Investigación de tres años define estrategias de multiplicación para conservar el patrimonio vegetal gallego y desarrollar su potencial.

Imagen genérica de plantones de olivo en laboratorio.
IA

Imagen genérica de plantones de olivo en laboratorio.

El Grupo Operativo Aceitunas de Galicia culmina tres años de investigación para definir estrategias de multiplicación eficaces de once variedades autóctonas de olivo, abriendo nuevas posibilidades para su cultivo y la conservación del patrimonio vegetal gallego.
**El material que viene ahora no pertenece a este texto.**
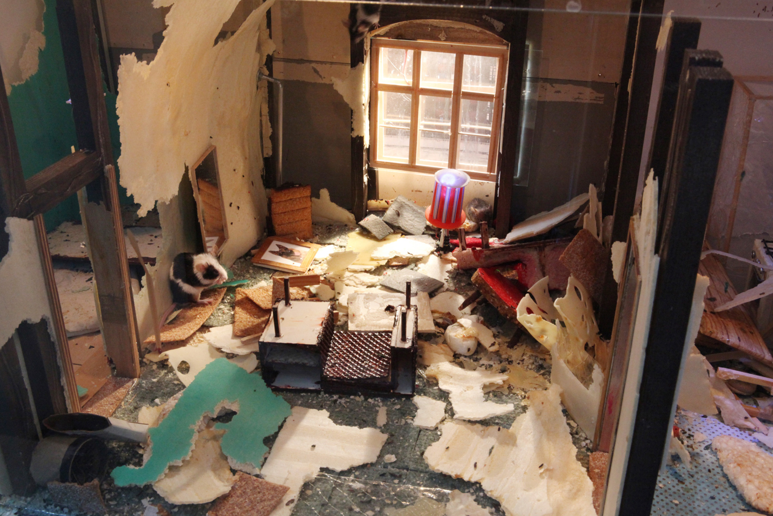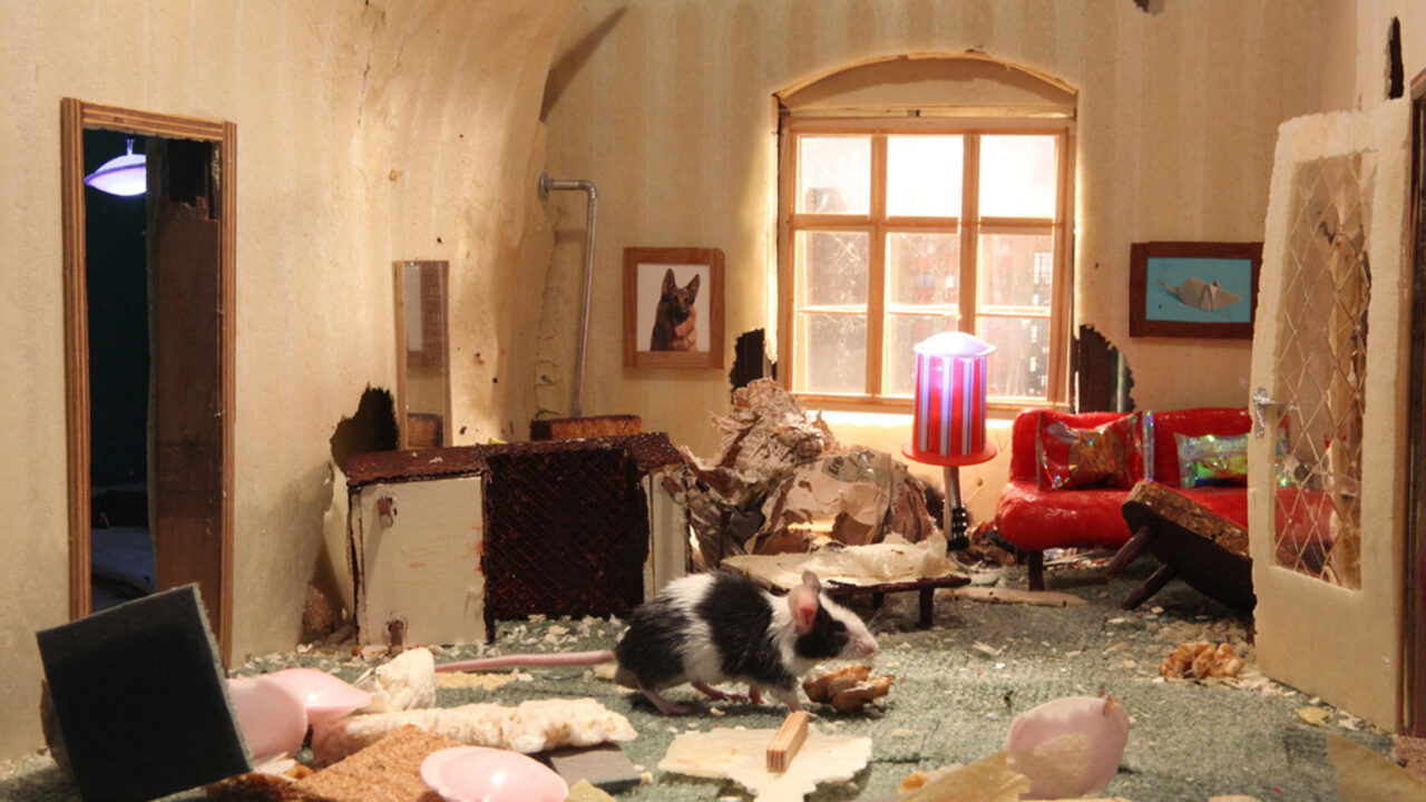Voor Mouse Palace werd een appartement nagebouwd als een 1 op 10 schaalmodel. Met eetbare meubels waar de muizen direct aan begonnen te knabbelen. Een absurd relatiedrama in de Living Space series van Hund en Horn met onder meer Dropping Furniture, over het menselijk bestaan onder bizarre omstandigheden. Voorfilm bij Gravity Was Everywhere Back Then.

La investigación, que se extiende hasta 2026, se ha centrado en obtener plantas en cantidad suficiente mediante sistemas de multiplicación adaptados a cada variedad. Los resultados confirman que no existe una única técnica válida, sino que la combinación de propagación por esquejes y micropropagación in vitro permite definir estrategias específicas para ampliar la disponibilidad de planta.
El proyecto, que integra a la Fundación Juana de Vega, la Misión Biológica de Galicia (MBG-CSIC), Ouro de Quiroga, Olivar Concordia y Cultigar, con la Axencia Galega da Calidade Alimentaria (AGACAL) como socio cooperante, ha trabajado con once variedades identificadas: Brava Gallega, Brétema, Carapucho, Carmeliña, Folgueira, Hedreira, Mansa Gallega, Maruxiña, Susiña, Xoana y Santiagueira.
Los ensayos con esquejes semileñosos revelaron que la época de recogida del material vegetal es crucial, con la mejor respuesta en verano-otoño (61% de enraizamiento medio), destacando variedades como Carapucho, Susiña y Brétema con porcentajes de hasta el 100%. Paralelamente, se establecieron protocolos de micropropagación in vitro con tasas de enraizamiento y supervivencia superiores al 90%.
La transferencia al sector es un objetivo clave. Ya se ha entregado material vegetal a viveros y se publicará un protocolo técnico. La siguiente fase busca escalar ambos métodos a nivel industrial para aumentar la producción de planta autóctona en los próximos dos años. La participación de productores conecta la investigación con las necesidades reales de las explotaciones.
Las plantas obtenidas están siendo evaluadas en parcelas experimentales en Pontevedra y A Pobra do Brollón (Lugo), y comparadas con olivos centenarios en Valga y en la Ribeira Sacra, para conocer su respuesta a diferentes condiciones de suelo y clima.
Esta línea de investigación, iniciada en 2012 por la MBG-CSIC, ya ha permitido localizar más de 160 olivos centenarios e identificar una veintena de variedades autóctonas, conservadas en un banco de germoplasma vivo. La Fundación Juana de Vega ha apoyado estos trabajos con 350.000 euros.
Variedades como Carapucho, Carmeliña, Maruxiña, Mansa Gallega y Brétema ya se han incorporado a la Lista de Variedades Comerciales. Los resultados experimentales de aceite abren una nueva etapa para estudiar el potencial de estas variedades, sentando las bases para diversificar la producción agraria y generar actividad económica vinculada a un recurso propio.
El proyecto, con una financiación de 179.652,68 euros, contribuye a conocimientos que podrían apoyar en el futuro el desarrollo de una denominación de origen protegida para el aceite de Galicia.
Información elaborada a partir de la fuente oficial: Delegación del CSIC en Galicia (10/09/2026)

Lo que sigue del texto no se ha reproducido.